At U-M’s Herbarium, Will Weaver is harnessing machine learning to transform historical specimen labels into searchable data — a breakthrough that’s changing how we preserve and share the past for the future.


A herbarium specimen offers so much more information beyond that of a pressed plant. Each specimen also includes a label, often with decades-old handwriting, describing where it was collected, when, and by whom, and occasionally a few extra historical details. That label is a treasure trove of scientific information, but turning it into searchable data is painstaking, time-consuming work.

A Schmidt Sciences AI Postdoc with MIDAS (and affiliated with the Herbarium, SEAS, EES, and EEB), Will is helping change that with VoucherVision, a machine learning tool designed to read and transcribe specimen labels. Using large language models — the same type of AI technology behind ChatGPT — VoucherVision can quickly extract and organize label information into structured datasets.

So far, the accuracy of the datasets is quite high. “If the label is typed, the transcription is basically as accurate as a human,” says Will. “For handwritten labels, the quality depends on the handwriting, but the technology has improved significantly in the past couple of years.”

The payoff is big. VoucherVision boosts productivity by an estimated 25%, allowing staff to focus their time on challenging or historically important specimens. It can also scan existing image archives, unlocking information from tens of thousands of specimens that might otherwise have sat unexamined for years.

Beyond speed, AI offers a new kind of access to hidden knowledge. Many herbarium labels contain ethnobotanical details — such as how local communities used a plant — that were never transcribed in older digitization projects. Large language models can recognize and search for these details even if they’re described in varied ways, opening up new research possibilities.
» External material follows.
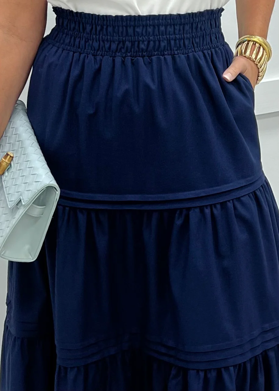 Change up your look by adding our Miller Skirt into your wardrobe mix! This navy blue beauty is perfect for warm weather, with its tiered silhouette, side slit pockets, smocked waistband, midi length and flattering design - perfect for tucking in your favorite tees and tanks! Let this chic skirt be the star of your look! Model is 5'8'' and wearing a size small.
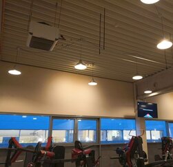 Zur Erfüllung der Anforderungen wurde ein System aus zwei AREO-Luftheizern installiert, das bedarfsgerecht die Beheizung der Trainingsflächen und Umkleiden übernimmt. Die Luftheizer wurden deckenhängend installiert, wodurch eine optimale Luftverteilung erzielt wird und zudem effektiv Platz für weitere Sportgeräte eingespart wird.

The tool is transforming workflows. “It’s not about taking humans out of the loop,” Will explains. “It’s about augmenting our work — letting AI handle the repetitive parts so we can spend more time on the complex, interesting challenges.”

Currently, VoucherVision is used by more than 20 partner institutions, with plans to integrate it directly into common collections management software, like Specify at U-M’s Herbarium, for an even smoother process. In the future, Will hopes to run the tool on secure, locally hosted servers to protect sensitive data and reduce costs.

For now, it’s already helping rediscover forgotten collections and connect researchers with specimens that might otherwise remain hidden. “It’s like opening a time capsule,” Will says. “We’re finding stories in our collections that we didn’t even know were there.”